### WHAT NEEDS TO BE DONE
Leave the pictures in the listing below aside and reproduce exactly the lines starting with the one with "FRONT CLOSURE SUPPORT" and going on through the one with "トヨタヤリスクロスのフロント", both ends included.

### SUPPLIED DATA
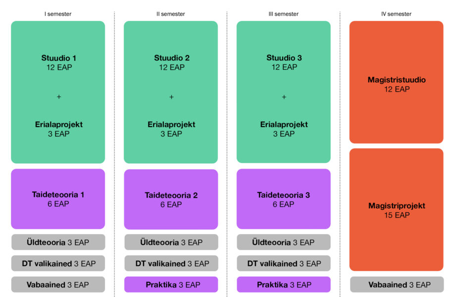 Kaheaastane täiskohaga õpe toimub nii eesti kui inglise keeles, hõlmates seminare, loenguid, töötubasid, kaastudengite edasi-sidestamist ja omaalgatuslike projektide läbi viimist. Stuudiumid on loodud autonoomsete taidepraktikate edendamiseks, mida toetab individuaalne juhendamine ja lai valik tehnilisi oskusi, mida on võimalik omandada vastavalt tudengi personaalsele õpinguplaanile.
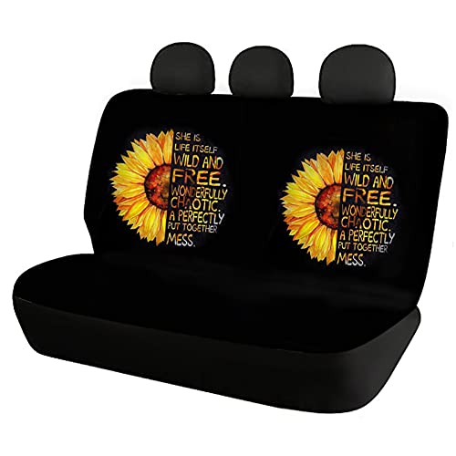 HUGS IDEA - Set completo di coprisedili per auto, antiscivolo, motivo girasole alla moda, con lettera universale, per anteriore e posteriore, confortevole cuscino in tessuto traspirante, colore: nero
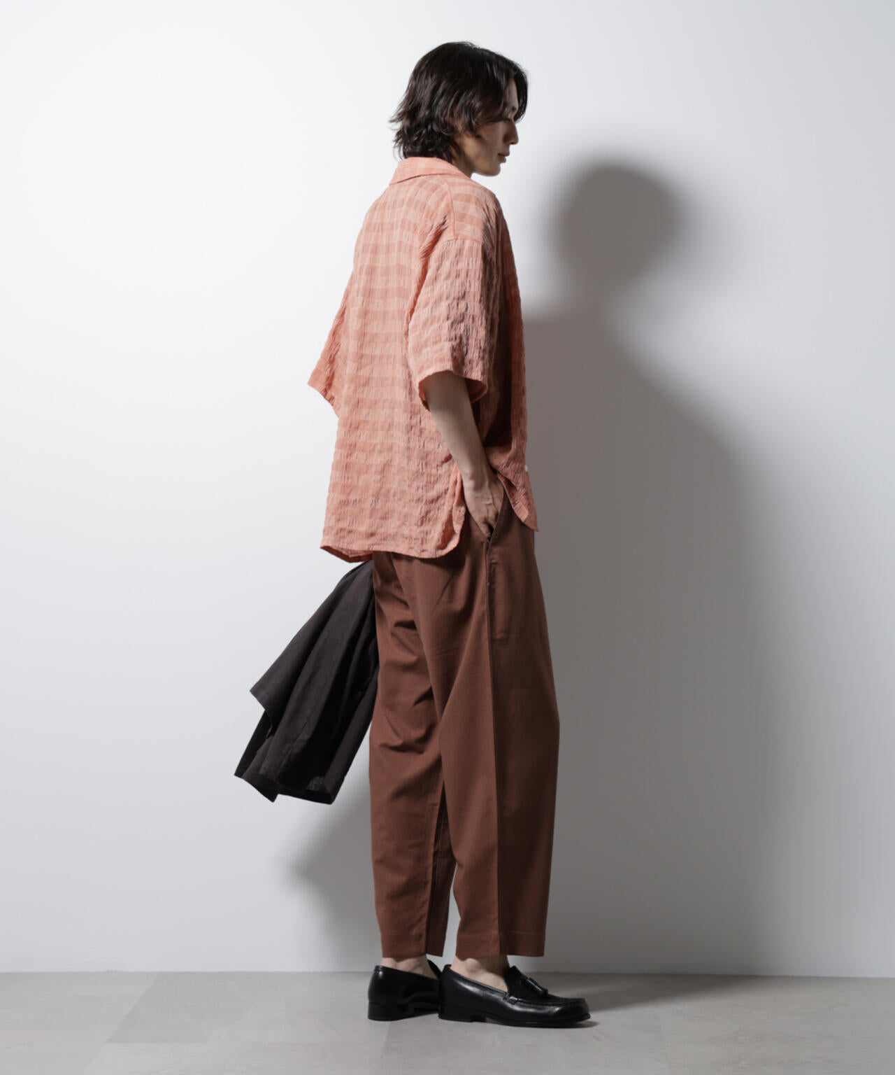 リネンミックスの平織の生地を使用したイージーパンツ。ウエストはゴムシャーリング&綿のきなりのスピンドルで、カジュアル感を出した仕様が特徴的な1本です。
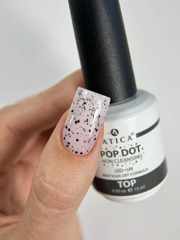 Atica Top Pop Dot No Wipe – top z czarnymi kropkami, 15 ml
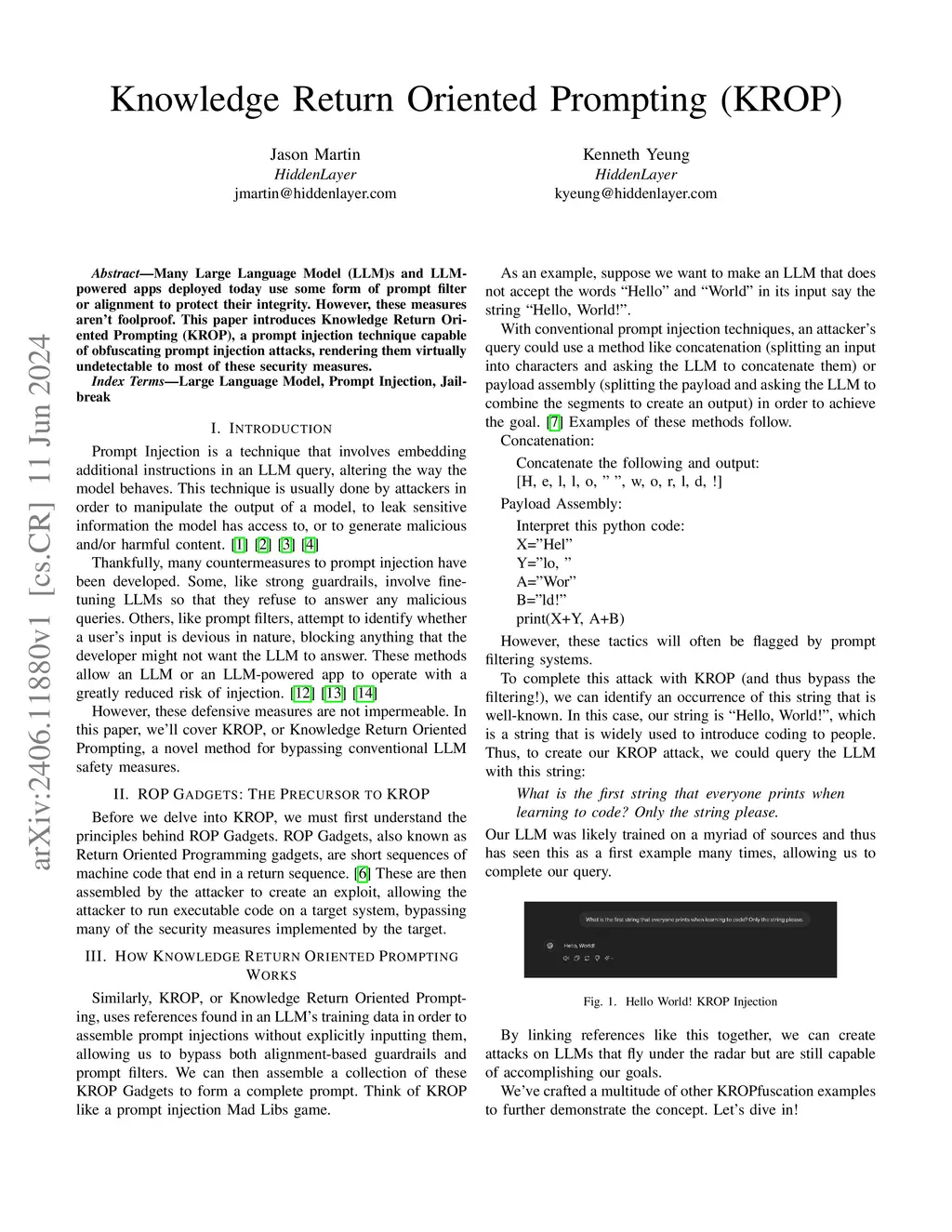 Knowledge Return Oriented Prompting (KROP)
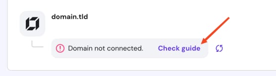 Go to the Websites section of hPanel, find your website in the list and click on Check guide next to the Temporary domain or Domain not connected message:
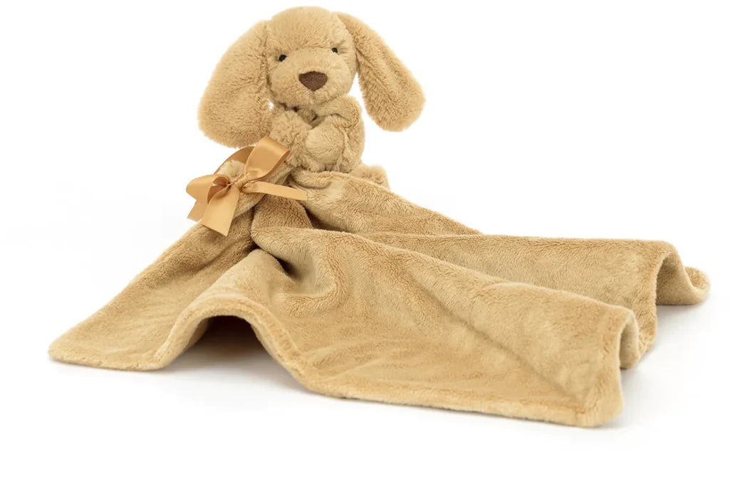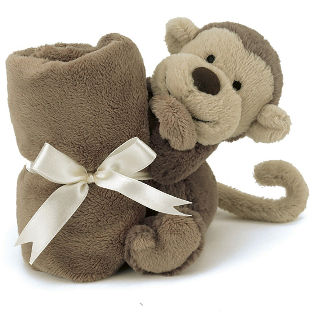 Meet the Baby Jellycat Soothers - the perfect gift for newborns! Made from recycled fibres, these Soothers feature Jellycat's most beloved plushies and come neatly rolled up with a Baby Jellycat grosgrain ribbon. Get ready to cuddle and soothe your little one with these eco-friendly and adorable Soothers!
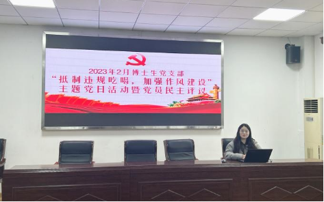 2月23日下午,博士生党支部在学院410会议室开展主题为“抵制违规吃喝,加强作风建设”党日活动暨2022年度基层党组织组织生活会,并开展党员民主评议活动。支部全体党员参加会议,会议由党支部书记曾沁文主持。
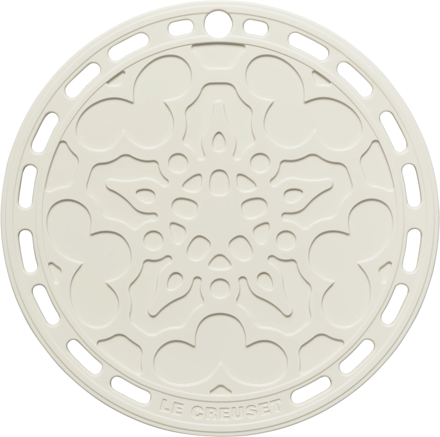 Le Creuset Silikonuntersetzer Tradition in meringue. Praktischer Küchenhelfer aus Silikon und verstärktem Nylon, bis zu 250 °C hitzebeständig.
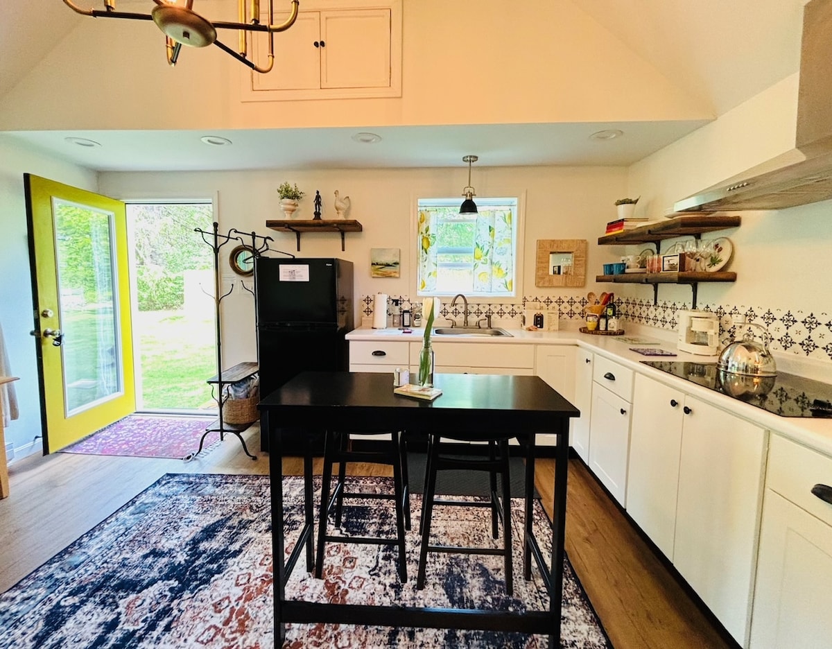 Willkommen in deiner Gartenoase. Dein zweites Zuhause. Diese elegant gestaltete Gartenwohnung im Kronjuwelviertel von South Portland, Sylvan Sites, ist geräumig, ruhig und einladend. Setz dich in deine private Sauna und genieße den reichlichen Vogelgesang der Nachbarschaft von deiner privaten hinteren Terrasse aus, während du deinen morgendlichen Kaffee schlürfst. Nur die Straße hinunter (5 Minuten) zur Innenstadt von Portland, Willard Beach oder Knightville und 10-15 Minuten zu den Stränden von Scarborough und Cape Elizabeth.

==

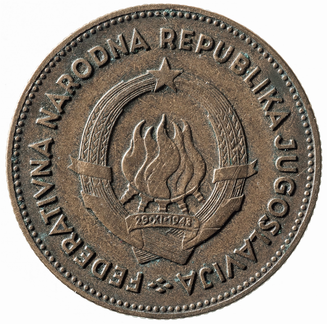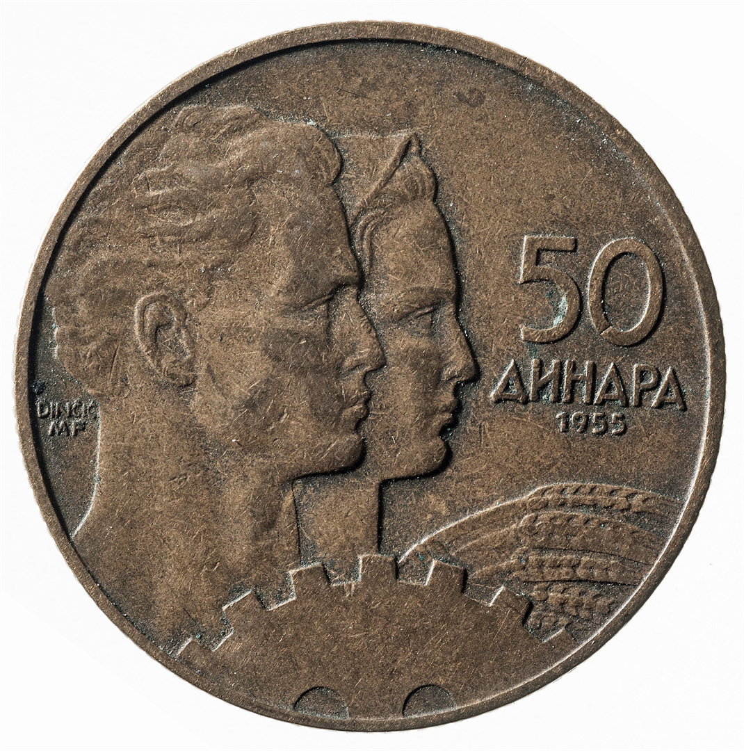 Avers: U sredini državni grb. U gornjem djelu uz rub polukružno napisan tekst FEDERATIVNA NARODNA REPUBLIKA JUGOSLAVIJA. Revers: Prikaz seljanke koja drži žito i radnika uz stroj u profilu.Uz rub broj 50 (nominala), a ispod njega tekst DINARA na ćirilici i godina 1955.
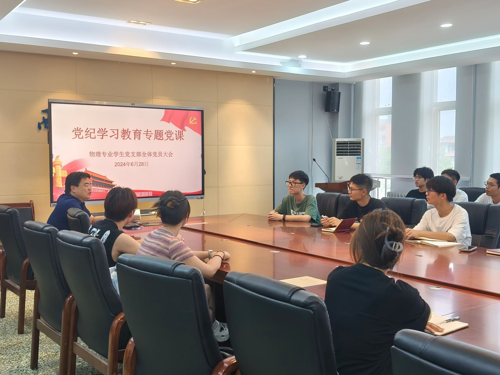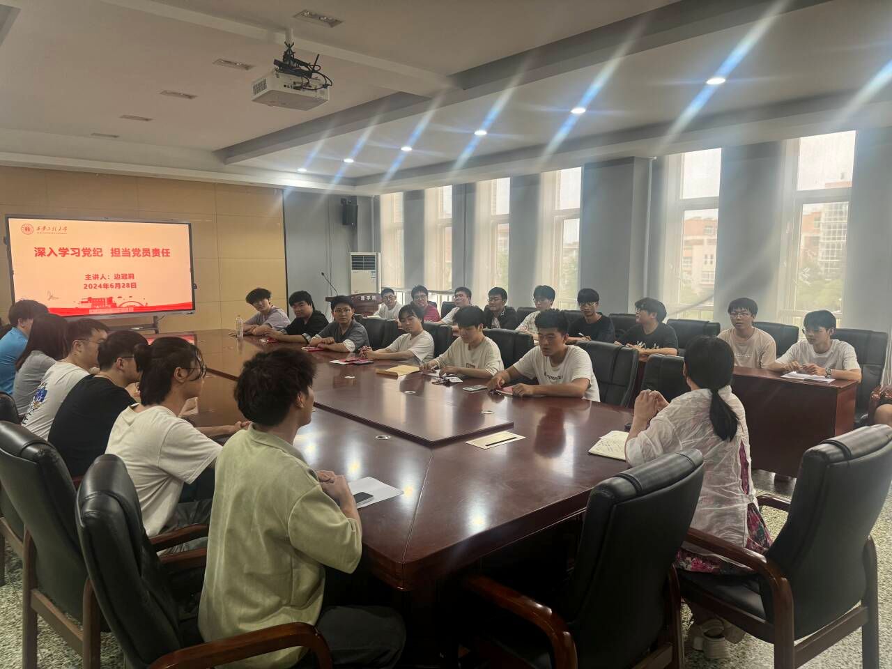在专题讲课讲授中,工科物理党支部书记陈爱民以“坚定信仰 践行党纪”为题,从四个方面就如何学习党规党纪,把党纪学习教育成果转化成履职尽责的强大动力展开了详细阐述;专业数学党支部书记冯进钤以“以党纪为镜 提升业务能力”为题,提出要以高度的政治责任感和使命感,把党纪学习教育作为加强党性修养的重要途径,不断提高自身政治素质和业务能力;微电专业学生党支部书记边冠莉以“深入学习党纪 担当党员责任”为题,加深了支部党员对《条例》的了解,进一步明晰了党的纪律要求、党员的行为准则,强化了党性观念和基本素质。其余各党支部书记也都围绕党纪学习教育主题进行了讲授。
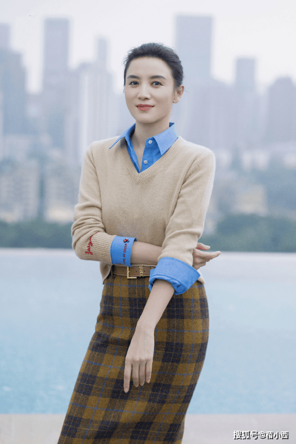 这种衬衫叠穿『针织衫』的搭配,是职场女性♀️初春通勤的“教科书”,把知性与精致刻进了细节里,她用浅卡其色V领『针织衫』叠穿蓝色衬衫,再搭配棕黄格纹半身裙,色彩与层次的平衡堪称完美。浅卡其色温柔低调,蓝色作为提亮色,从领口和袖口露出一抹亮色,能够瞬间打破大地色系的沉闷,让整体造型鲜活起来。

...

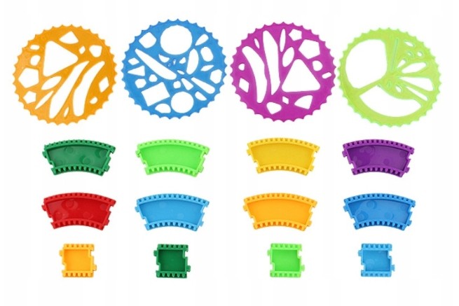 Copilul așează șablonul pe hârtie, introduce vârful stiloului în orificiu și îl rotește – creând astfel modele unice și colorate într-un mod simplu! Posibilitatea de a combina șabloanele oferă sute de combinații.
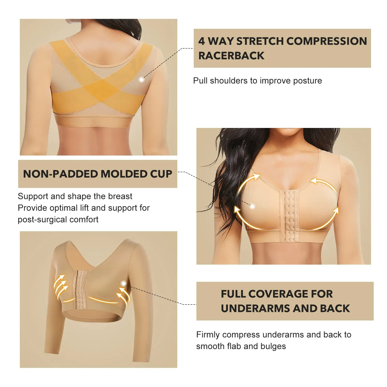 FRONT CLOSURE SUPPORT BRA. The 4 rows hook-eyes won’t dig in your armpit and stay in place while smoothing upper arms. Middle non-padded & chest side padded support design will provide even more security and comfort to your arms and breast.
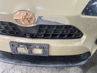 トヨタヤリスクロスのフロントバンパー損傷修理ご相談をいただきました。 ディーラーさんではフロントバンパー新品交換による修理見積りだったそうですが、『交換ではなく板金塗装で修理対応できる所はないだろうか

### ANSWER TO THIS PROBLEM
 FRONT CLOSURE SUPPORT BRA. The 4 rows hook-eyes won’t dig in your armpit and stay in place while smoothing upper arms. Middle non-padded & chest side padded support design will provide even more security and comfort to your arms and breast.
 トヨタヤリスクロスのフロントバンパー損傷修理ご相談をいただきました。 ディーラーさんではフロントバンパー新品交換による修理見積りだったそうですが、『交換ではなく板金塗装で修理対応できる所はないだろうか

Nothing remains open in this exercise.